We also expect easing interest rates to provide a risk-taking tailwind. Early evidence suggests that households are pulling back on spending, which will help drive inflation and interest rates lower later this year. Americans have whittled down their pandemic savings and have increasingly relied on plastic to meet their spending needs. That’s unsustainable. Meanwhile, retailers like Walmart and Target are already cutting prices on thousands of goods to address weakening demand. 

Bottom Line

We expect markets to broaden as investors sense rate cuts on the horizon. While the Fed is currently satisfied with standing pat on monetary policy, we believe the future path of interest rates will depend on “wealth effect” contributors, like the housing market, job market and the stock market.
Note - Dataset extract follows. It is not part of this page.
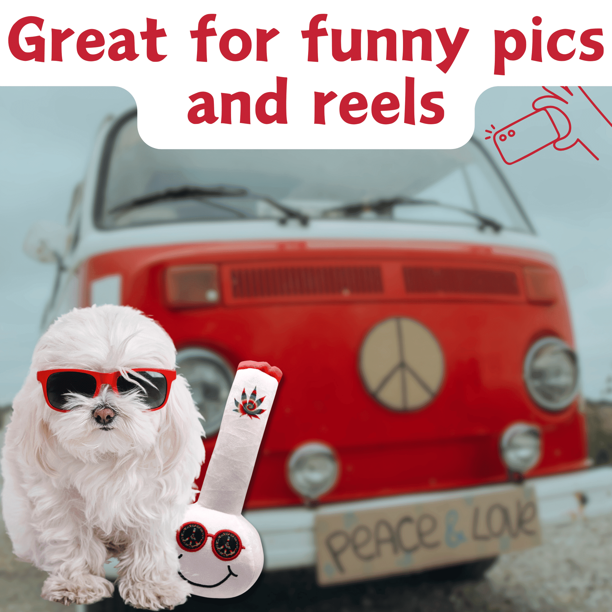 Billie is a groovy bong about 10" high with a built-in squeaker. He is great for light play or for funny pics of your dog with his own bong! Your pup will love joining you for 4:20!

Housing affordability is lower today than it was during the 2006 housing bubble, although we expect prices to stay high through the election. We are also closely monitoring the job market.  Job growth and wages have been strong, and all but one sector has enjoyed robust wage growth this year. However, an increasing number of industry sectors are seeing wage growth fall below the inflation rate. Leisure and hospitality, the hottest job sector post-pandemic, has seen wage growth fall meaningfully below the rate of inflation. We expect positive yet slowing wage growth, helping justify lower interest rates and broader equity participation.